Electrospinning: A carbonized gold/graphene/PAN nanofiber for high performance biosensing

Abstract

© 2018 The Royal Society of Chemistry. In this study, a novel biosensor was produced from a carbonized gold (Au)/graphene (G) hybrid nanowire fabricated on a disposable screen-printed carbon electrode (SPCE) in order to amplify signals. The processes of carbonization and electrospinning were merged in order to determine dopamine (DA) in a selective and sensitive manner when it is present in uric acid (UA) or ascorbic acid (AA). In order to assess the nature of the surface morphology and the physical product properties, transmission electron microscopy, scanning electron microscopy, and X-ray diffraction were employed prior to and following the carbonization step. The modified electrode (CPAN-Au/G) in [Fe(CN)6]3-/4- and DA was examined using cyclic voltammetry (CV) and differential pulse voltammetry (DPV) in order to establish the electrochemical behavior.
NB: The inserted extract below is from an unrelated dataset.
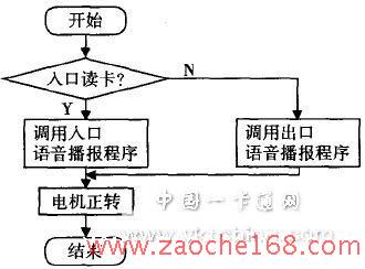 控制闸杆机的起落即是控制闸杆机的直流电机的正反转,通过单片机控制口输出高低电平配合继电器工作,直流电机电机两端加正反电压可以实现正反转。对于时间的记录,这里选用DS1302日历芯片,DS1302可以对年、月、日、周、时、分、秒进行记录.可接入后备电源,在主电源关闭的情况下也能始终保持连续工作,单片机SPCE061A可以随时读取当前的时间。与上位机的通信利用SPCE061A的通用异步串行通信模块(UART),它提供了一个全双工标准接口,借助于IOB口的特殊功能和UART IRQ中断实现与上位机配置的RS一232串行通信接口COM链接,实现了数据的及时传输。另外,语音提示部分利用SPCE061A的语音处理优势。利用 SPCE061A的语音压缩算法库和内置的DAC等,即可实现清晰的语音播报功能,无需外加语音芯片。
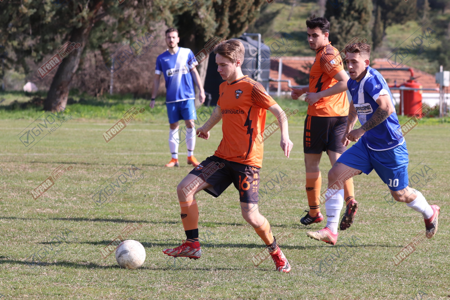 Στο αγωνιστικό κομμάτι, οι γηπεδούχοι ευτύχησαν να «ανοίξουν» το σκορ στο 16′. Ο Γιώργος Κόκρας κέρδισε πέναλτι από τον Βαγγέλη Φαρμάκα και ο Τριαντάφυλλος Σερίφης από τα έντεκα βήματα ήταν εύστοχος για το 1 – 0.

The findings from this test revealed that the modified electrode was capable of selectively identifying DA in 0.1 M PBS at pH 7.4 when other substances were present to provide interference. This process did not require the use of an anionic surfactant to serve as the discriminating agent. From the analysis of the DPV current, a linear dependence upon DA concentrations became apparent, in the range of 0.001-60 μM when the detection limit was 0.8 nM (S/N = 3) and sensitivity was 1.4351 μA cm-2. DA quantities in human serum could be effectively detected using the CPAN-Au/G electrode, and the modified electrode raises considerable expectations for application as a high-potential electrode. This would permit the determination of DA in a selective and sensitive manner while achieving sensor stability over the long term.